Thinking about switching frequency and problem difficulty:
- The authors found that the number of inference reflections generated and the number of tokens generated increased for all models as the difficulty of the problem increased (see Figure 3).
- This suggests that class o1 LLMs are able to dynamically adapt their reasoning process to cope with more complex problems.
Thinking about switching and error response:
- In all test sets, class o1 LLMs showed more frequent thinking switches when generating incorrect answers (see Figures 1 and 4).
- This suggests that more frequent thinking switches do not necessarily lead to higher accuracy, despite the fact that the model is designed to dynamically adjust cognitive processes to solve problems.

3. Digging deeper into the nature of inadequate thinking

Evaluate the correctness of thinking:
- The authors used two models based on Llama and Qwen (DeepSeek-R1-Distill-Llama-70B and DeepSeek-R1-Distill-Qwen-32B) to assess whether each thinking step was correct.
- The results show thatA significant portion of the early thinking steps in the error response are correct but under-explored(see figure 5).
- This suggests that the model, when confronted with a complex problemTendency to abandon promising paths of reasoning prematurely, leading to a lack of depth of thoughtThe
Think about the correctness distribution:
- The authors found that more than 701 TP3T error responses contained at least one correct thinking step (see Figure 6).
- This further supports the above view:o Class 1 models are able to initiate the correct paths of reasoning, but may have difficulty continuing those paths to the correct conclusionThe

4. Quantifying the lack of reflection: proposing new indicators for assessment

Thinking about under-indicators (UT):
- This metric quantifies the degree of underthinking by measuring the efficiency of the token when generating an error response.
- Specifically, the UT metric calculates the error response in which theThe number of tokens from the beginning to the first correct thought as a percentage of the total number of tokensThe
- Higher UT values indicate higher levels of underthinking, i.e., the model fails to contribute effectively to generating correct thinking in a larger proportion of the tokens generated in incorrect responses.

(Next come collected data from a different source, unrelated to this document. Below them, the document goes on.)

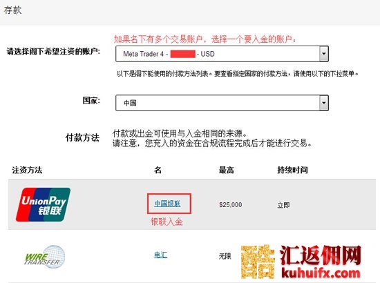 三、选择要入金的账户,注资方式选择[中国银联]。
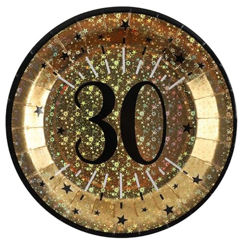 PAINT IT EASY NEU Papp-Teller Happy Birthday 30 gold-schwarz, 10 Stück, ca. 23cm
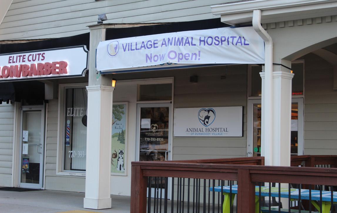 Village Animal Hospital’s banner covers an old sign from when the space was corporately owned. The vet clinic is in Dunwoody Plaza off Dunwoody Village Parkway.
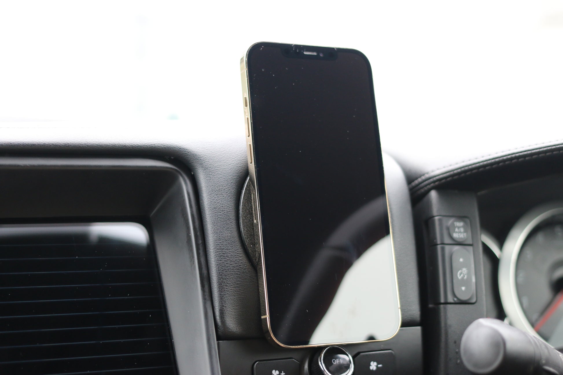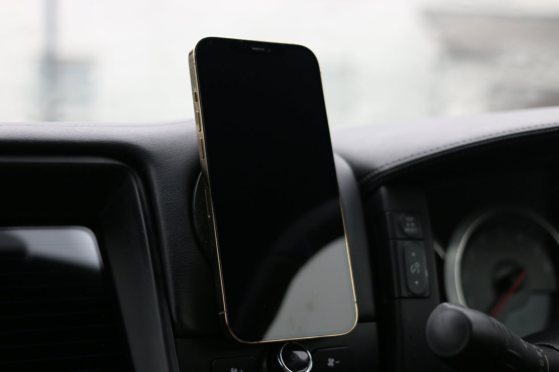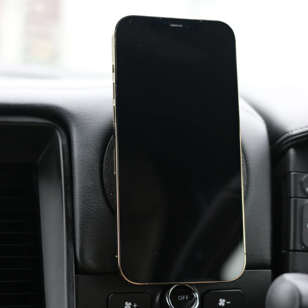 The mount uses MagSafe technology to allow you to magnetically mount your iPhone 12 onwards phone and any other phone with a MagSafe case or MagSafe ring attached.
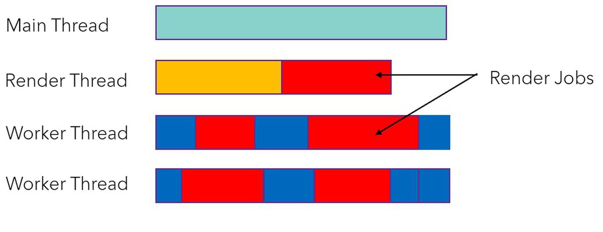 В результате поток рендеринга стал бутылочным горлышком, снижающим скорость отрисовки кадра. Чтобы исправить эту проблему, разработчикам пришлось переделать графический движок так, чтобы он мог разбивать отрисовку на несколько потоков.
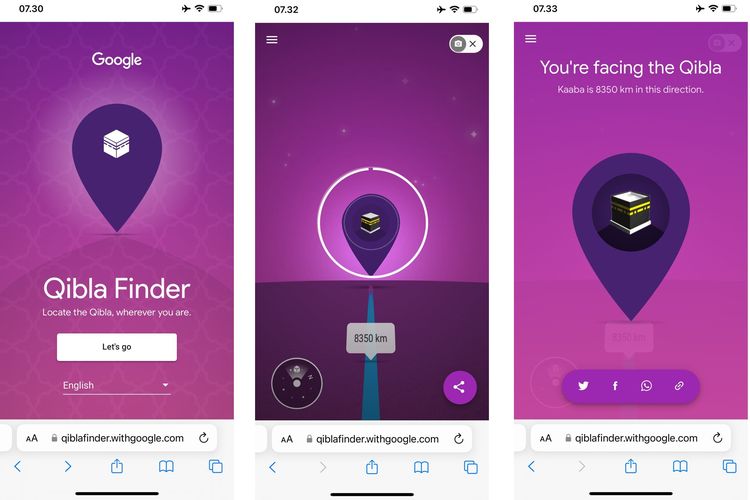Berikutnya,klik opsi “Let’s go” untuk memulai pemindaian arah kiblat sesuai lokasi pengguna berada.
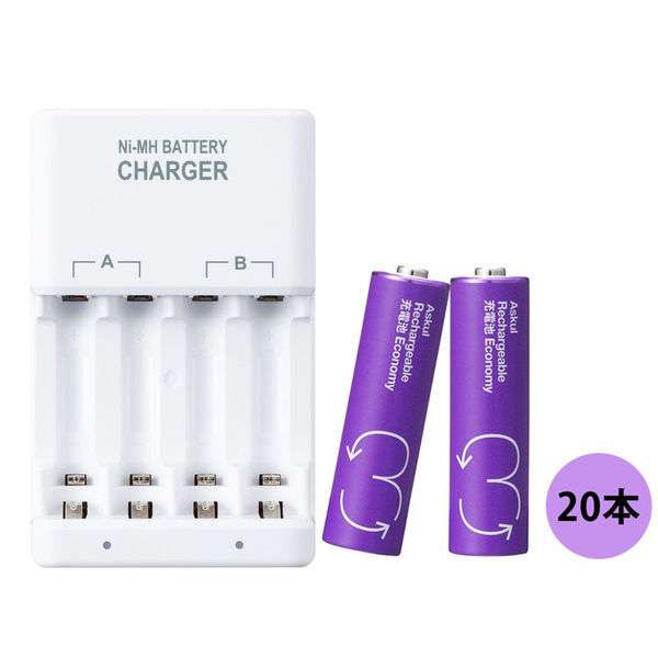 アスクルオリジナルの単3形充電式ニッケル水素電池とニッケル水素充電池専用充電器のセット品!
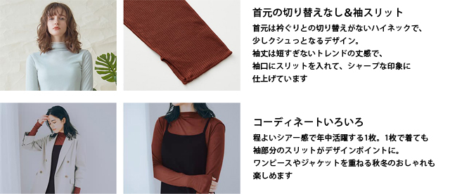 今回発売した「シアートップス」グループも、テンセル™モダールを採用したハイネック、ロングスリーブ、ハーフスリーブの3アイテムをラインアップ。頬ずりしたくなるほどなめらかで、とろけるような肌ざわりのほどよいシアー感のあるトップスです。1枚で着て透け感を楽しむ、レイヤードインナーとしてコーディネートを楽しむなど、シーンやスタイルに合わせてさまざまな着こなしができるアイテムです。
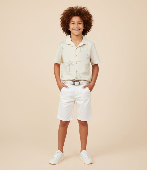 Camisa infantil confeccionada em algodão com estampa de coqueiros e barcos, trazendo leveza e estilo para os dias quentes. Possui gola tradicional, mangas curtas e fechamento por botões frontais. Confeccionado em algodão certificado BCI e boas práticas ambientais, garantindo conforto e sustentabilidade.
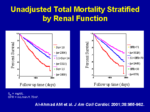 Also if you look at the kidney function as measured by serum creatinine or by predicted GFR, you'll see a very nice distribution with a mean serum creatinine of 1.2 corresponding roughly to a mean GFR of 70.4 ml/min. And one thing I'd like to note is that virtually all cardiology studies exclude patients with renal insufficiency with creatinines greater than 2.5 mg/dl and sometimes even 2.0 mg/dl and that's one of the reasons you don't see any points beyond there.
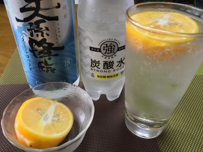 お供は、焼酎に強炭酸、凍らせたレモンでした。これもオイシイ!
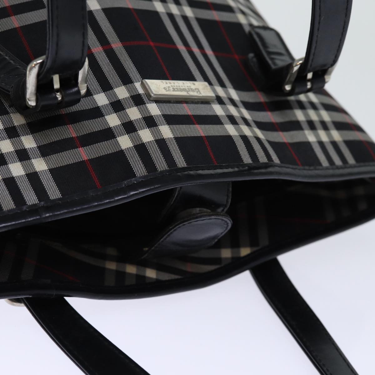BURBERRYSs Nova Check Blue Label Shoulder Bag Canvas Black Auth bs13816
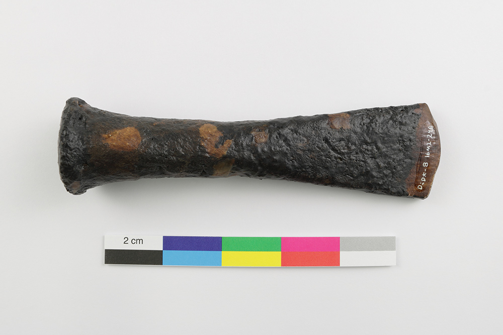 La collection archéologique du « Elizabeth and Mary » comprend plusieurs modèles de ciseaux à calfater. Celui-ci est le plus petit de la collection.
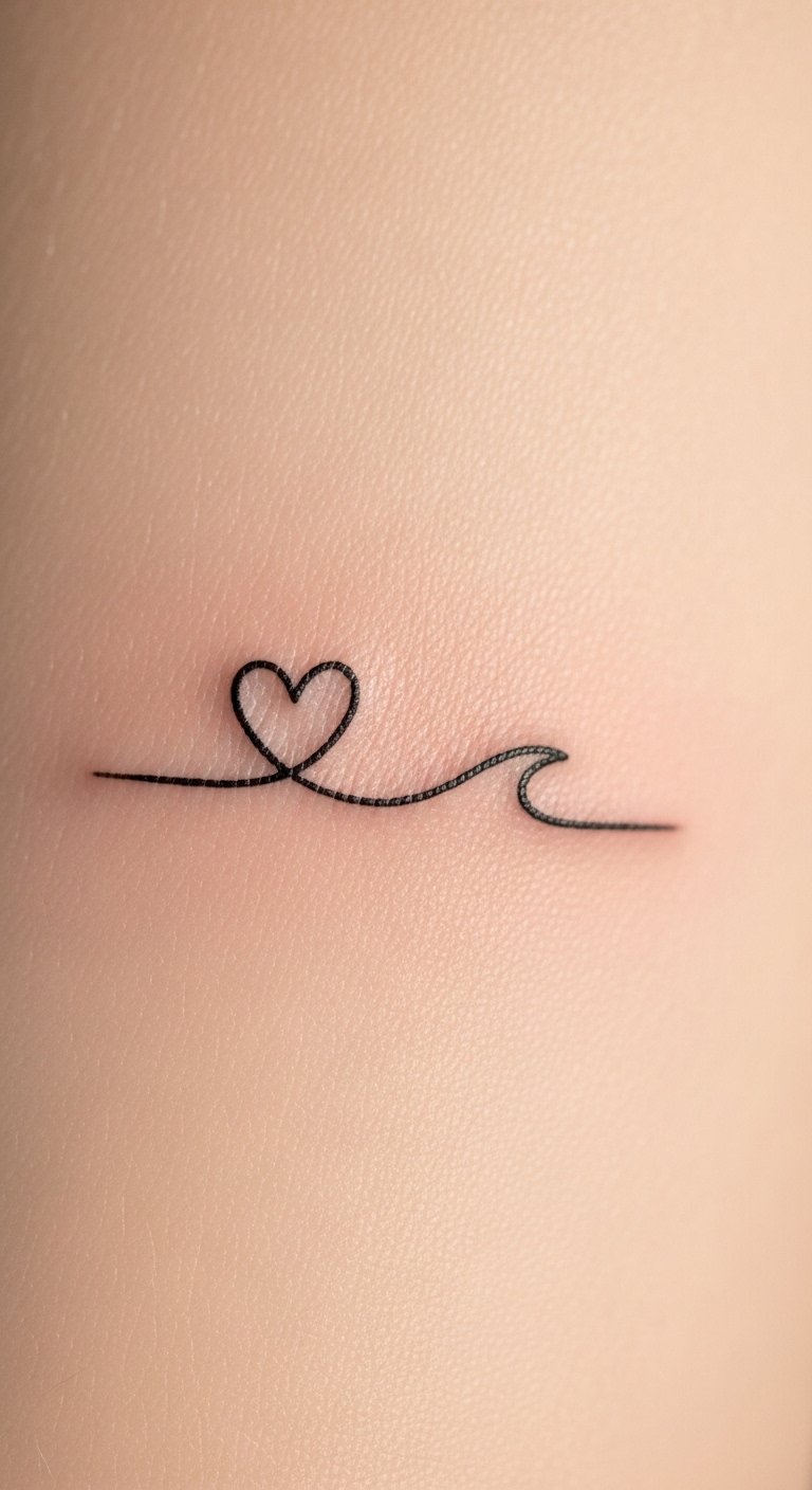 The combined heart-and-wave motif symbolizes love and emotional flow, evoking calm resilience and gentle movement; emotionally it feels intimate and empowering, suited for wrist, behind-ear, ankle, or inner finger placement where it reads as a small private talisman.
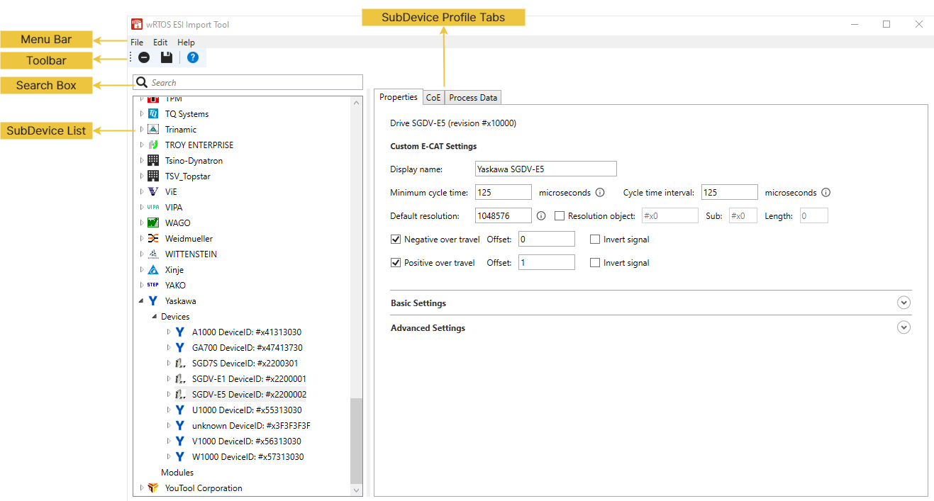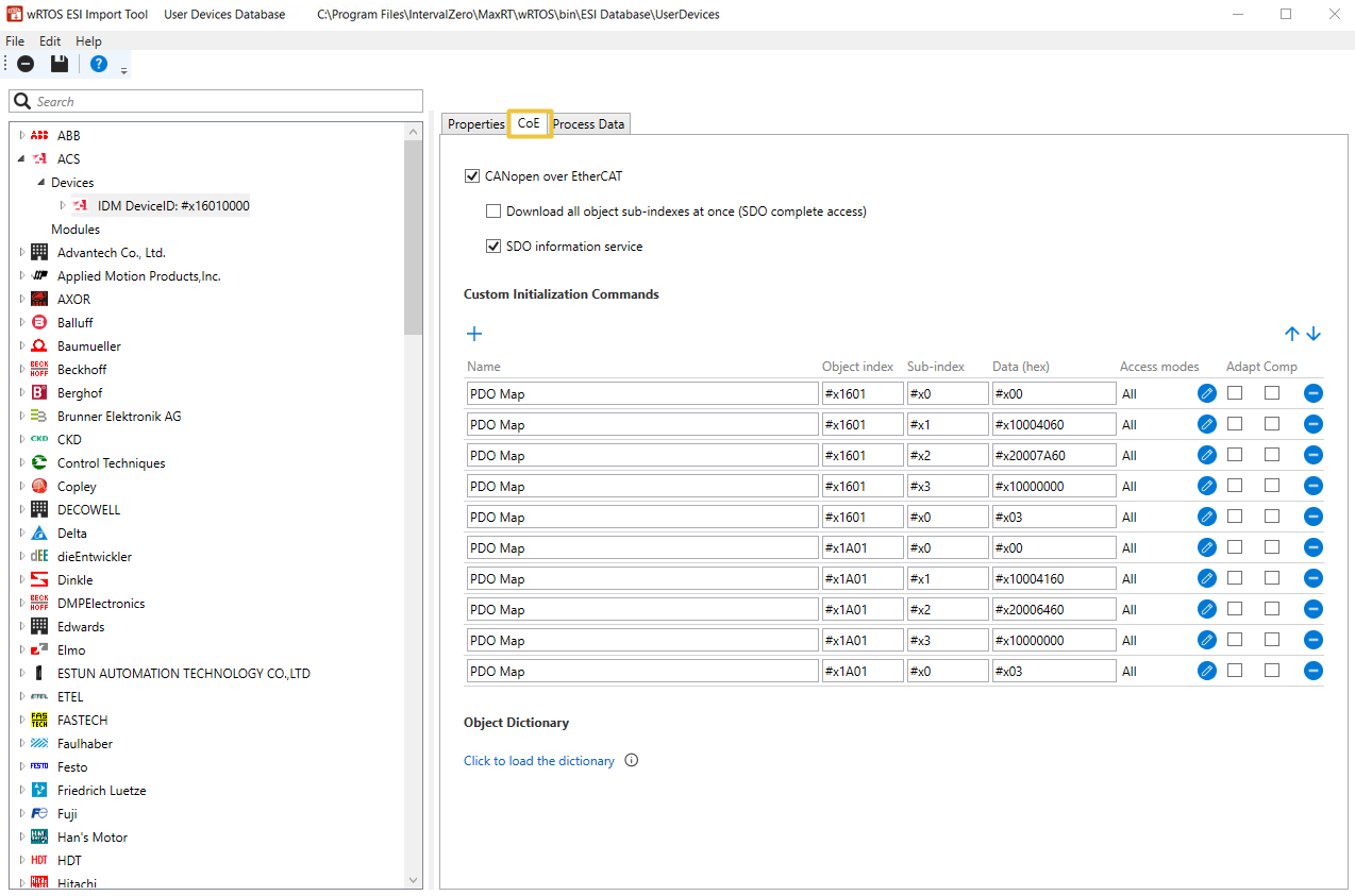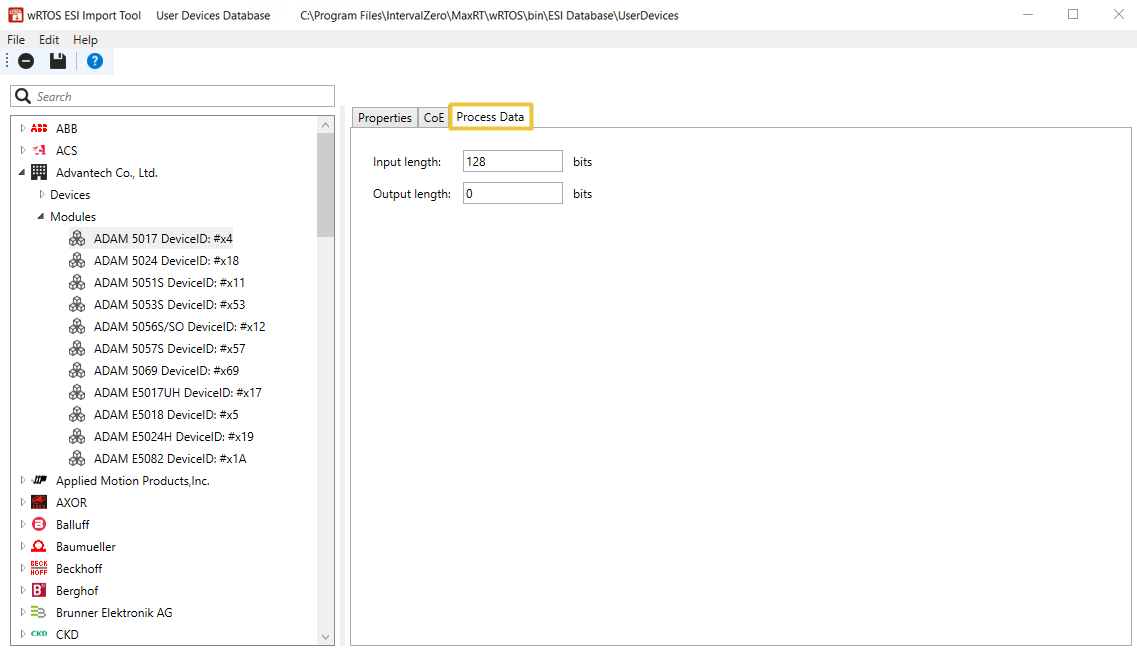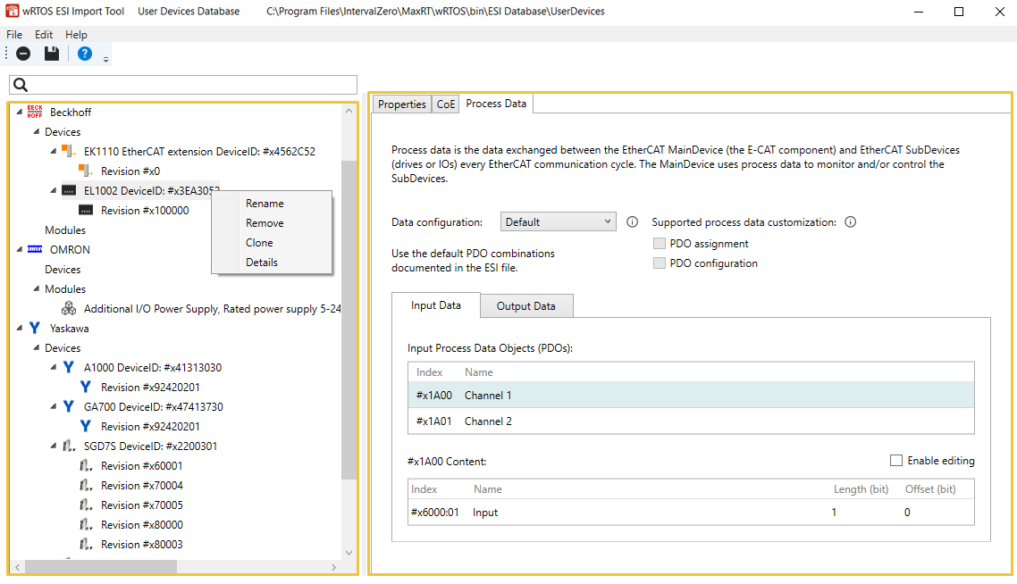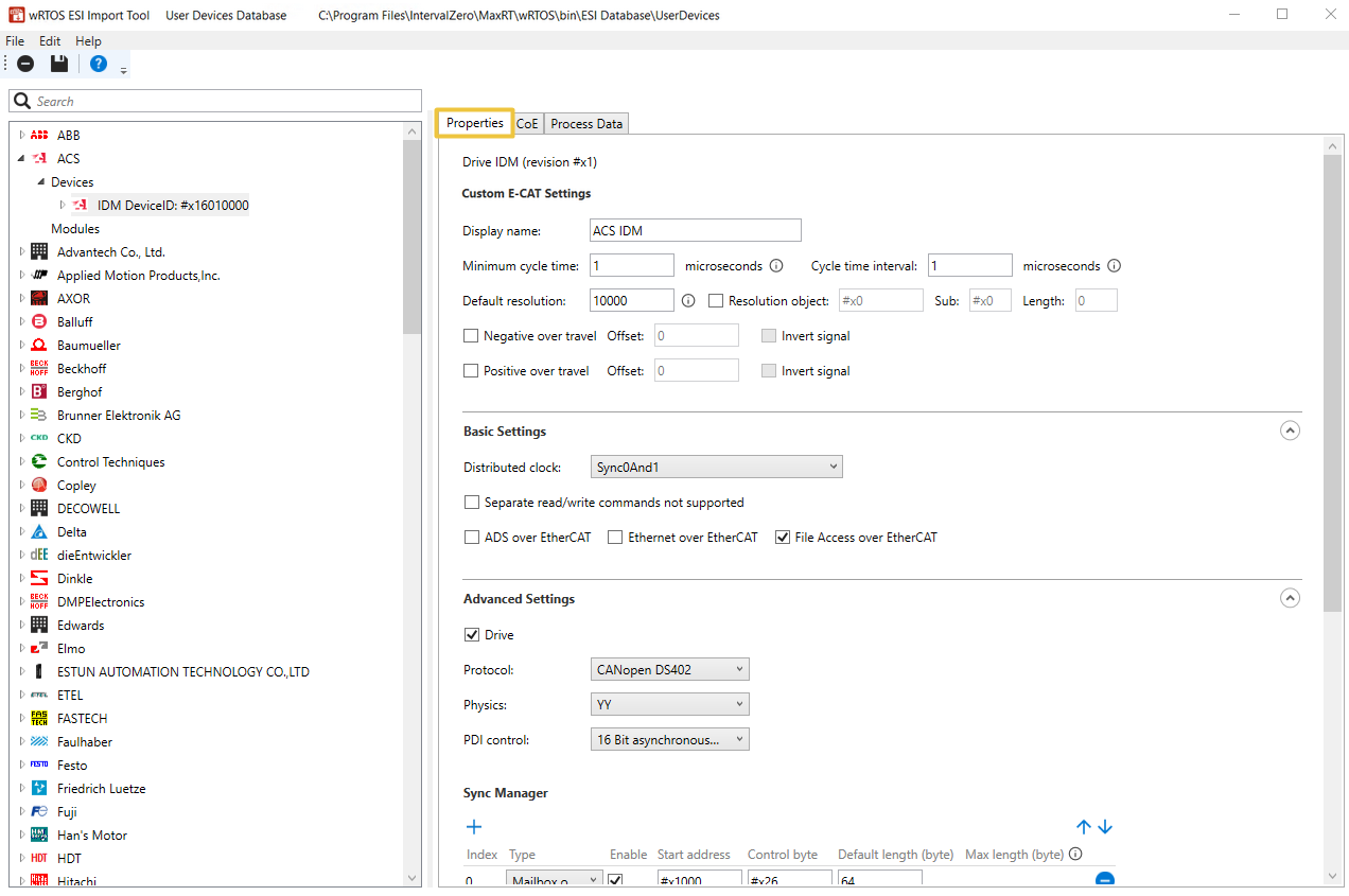 Note: Modification in the Default Devices Database is not allowed. If you want to modify the device's ESI data in the default database, import the data to User Devices Database and modify it from there. Note: You can use the default database to view device details of all supported EtherCAT devices or use it as a base to edit or add the desired devices. Remember to save the modified database to a different location by choosing File > Save As. You can open this edited database later using Open ESI Database.
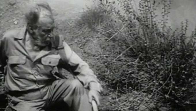 Next to the party is Rick (Richard Denning), the handsome hero of the movie – a geologist doing research in the mountains as the bomb struck. He is carrying a half-dead man with a nasty starfish-shaped radiation scar covering the entire right side of his face. It remains unclear if this is someone that Rick knew previously or if he simply picked him up along the way. But anyway, his name is Radek and he is played by Paul Dubov. Jim seems to have no problem with Rick joining their little survivalist camp, and Louise acts as if she knows Rick, creating a moment of confusion over whether Rick is the boyfriend (or brother?) that was mentioned before. But his name was Tommy, right? This means that Rick wasn’t part of Jim’s plans for survival, and certainly not Radek. The confusion isn’t lessened by the fact that Rick mentions his brother being killed by the radiation (wait – was that Tommy? Or is he talking about Radek? Or is this some third person?). To round out the main cast we finally get Old Pete (Raymond Hatton), an old gold prospector, stepping straight out of a western movie, and his faithful burro Diablo. Jim seems to figure that they are already double as many people as he can feed with his rations, so what does a seventh mouth matter at this point? But Diablo must stay outside.
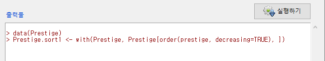 R Commander의 화면에서 활성 데이터셋이 Prestige.sort2로 바뀐다. 그리고 출력창에 새로운 함수 용례가 다음과 같이 등장할 것이다. 새로운데이터셋 <- with(활성데이터셋, 활성데이터셋[order(기준변수1이름, 기준변수2이름, decreasing=TRUE), ])
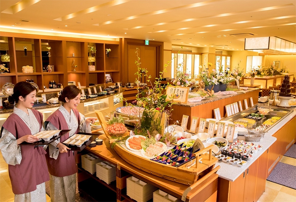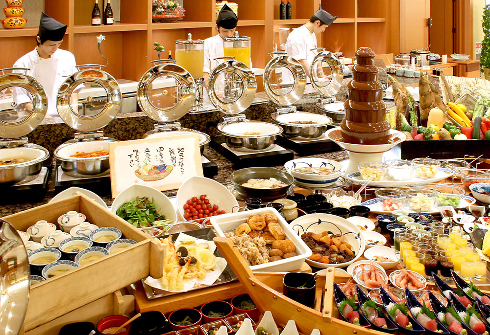 お客様の好みやシーンに合わせて、様々なスタイルで料理を楽しんでいただけます。季節の旬会席をお部屋でゆっくりと堪能する「お部屋食」、レストランでの食事、炭火焼会席、そして約50種類のお料理が並ぶ「有馬四季菜ブッフェ」など、多彩な選択肢をご用意しています。

5. Impact of underthinking on model performance:

The authors found thatThe phenomenon of underthinking behaves differently across data sets and tasks::
- On the MATH500-Hard and GPQA Diamond datasets, the DeepSeek-R1-671B model, while more accurate, also had a higher UT, indicating more underthinking in its error response.
- On the AIME2024 test set, the DeepSeek-R1-671B model not only has a higher accuracy, but also a lower UT value, indicating a more focused and efficient inference process.

III. Important conclusions:

Insufficient thinking is an important factor in the poor performance of o1 LLMs on complex problems. Frequent thinking switches result in the model not being able to explore promising inference paths in depth, which ultimately affects its accuracy.
The phenomenon of underthinking is related to problem difficulty and modeling ability. Harder problems exacerbate underthinking, and more powerful models don't always reduce underthinking.
Underthinking is different from overthinking. Overthinking is when a model wastes computational resources on simple problems, while underthinking is when a model prematurely abandons promising inference paths on complex problems.
The Underthinking Indicator (UT) can effectively quantify the degree of underthinking. This metric provides a new perspective for assessing the reasoning efficiency of LLMs of class o1.

IV. Coping strategies:

To alleviate the problem of inadequate thinking, the authors propose aDecoding strategy with think-aloud switching penalty (TIP)::

Core Ideas: During decoding, penalties are imposed on tokens associated with think-switches, theEncourage models to explore current thinking more deeply before switching to new thinkingThe
Results: The TIP strategy improves the accuracy of the QwQ-32B-Preview model on all test sets, demonstrating its effectiveness in alleviating the underthinking problem.

V. Future prospects:

The authors suggest future research directions include:

Development of adaptive mechanisms to enable models to self-regulate thinking switches.
Further improving the inference efficiency of LLMs of class o1.